動作解析システム、動作解析装置及びプログラム

【課題】片側測定を行うシステムであっても、被験者の左右両側の動きに関連したパラメータの算出を適正に行う。
【解決手段】被験者の左右両側のうち、何れか一方の側に配設され、被験者の一方の側に取り付けられた動作測定用マーカ及び反対足の踵に取り付けられた合成基準マーカを撮像する撮像装置と、被験者の左右各々の足の床反力を測定する床反力測定装置と、動作解析を行うデータ処理装置3とを備える動作解析システムであって、データ処理装置は、被験者の左右片側ずつ、当該被験者の歩行動作に従って一方の側の動作に関連した片側動作情報を測定するとともに、撮像装置から出力された合成基準マーカの基準画像情報を含む動画像情報に基づいて、各々測定された被験者の左右の動作情報を合成して、当該被験者の左右両側の動きに関連した両側関連動作情報を算出するCPU36を備えている。

【発明の詳細な説明】
【技術分野】
【0001】
本発明は、医療分野等における被験者の動作をモーションキャプチャして解析する動作解析システム、動作解析装置及びプログラムに関する。
【背景技術】
【0002】
従来、リハビリテーション医学や体育・スポーツ医学等の医療分野などでは、被験者の運動時の関節の動作を関節モーメントとして三次元座標で捉えて分析することなどが行われている。
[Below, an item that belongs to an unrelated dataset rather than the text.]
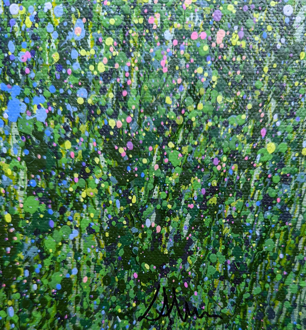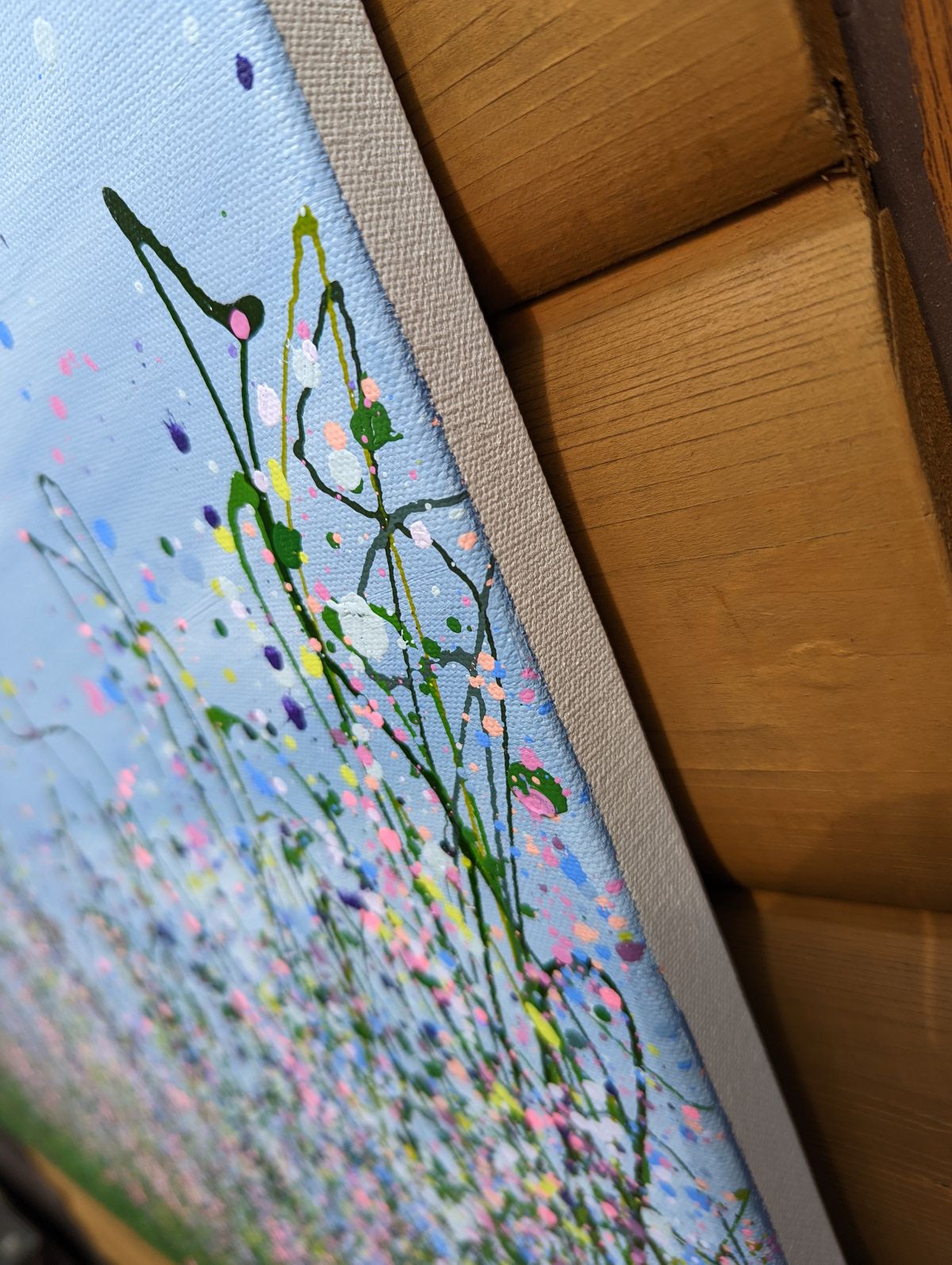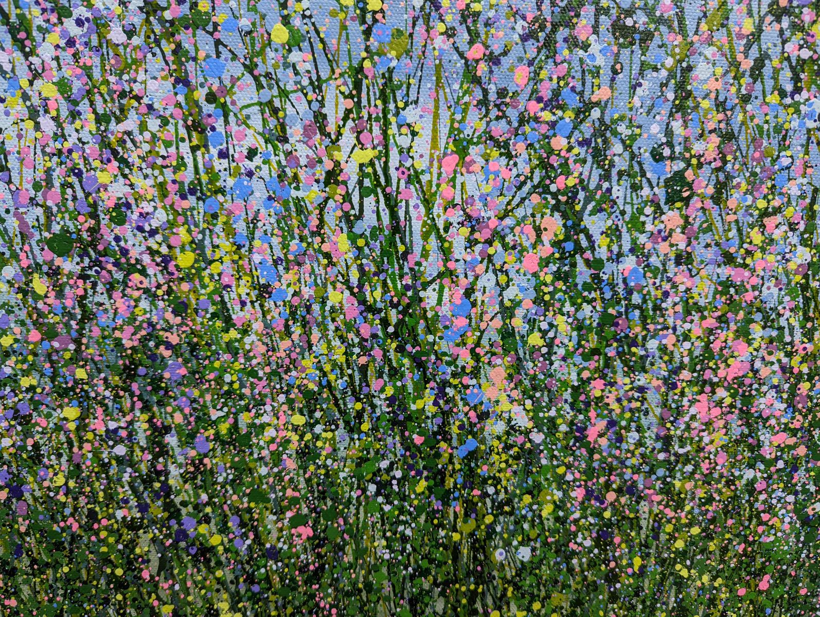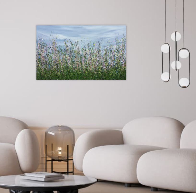Step Into Spring - An Original semi-abstract painting by Lucy Moore. Using her signature string grass technique and a muted palette Lucy has created a semi-abstract twist to her classic meadow paintings, This piece would brighten any home or office, bring a little of the outside inside. We love Lucy

かかる三次元座標の測定システムとして、三角測量の原理に基づいてマーカの三次元座標(x,y,z)を測定する三次元動作解析システム(モーションキャプチャシステム)が開発されている(例えば、特許文献1参照)。
この三次元動作解析システムは、例えば、被験者の左右の各側にて、所定の水平距離を離して配置された少なくとも2台の撮像カメラにより、当該被験者の各部位に取り付けられたマーカを撮像してその三次元座標(x,y,z)を測定するようになっている。即ち、被験者の左右の各側にて、マーカの位置を頂点とし2台の撮像カメラ間の距離を底辺とした三角形を形成して、各撮像カメラ位置とマーカの位置とにより形成される2辺の内角θa,θbとした場合に頂点であるマーカの三次元座標(x,y,z)を算出するようになっている。
【0003】
また、上述の医療分野では、被験者の動作解析として、関節モーメントだけでなく、歩行動作の解析も行われている。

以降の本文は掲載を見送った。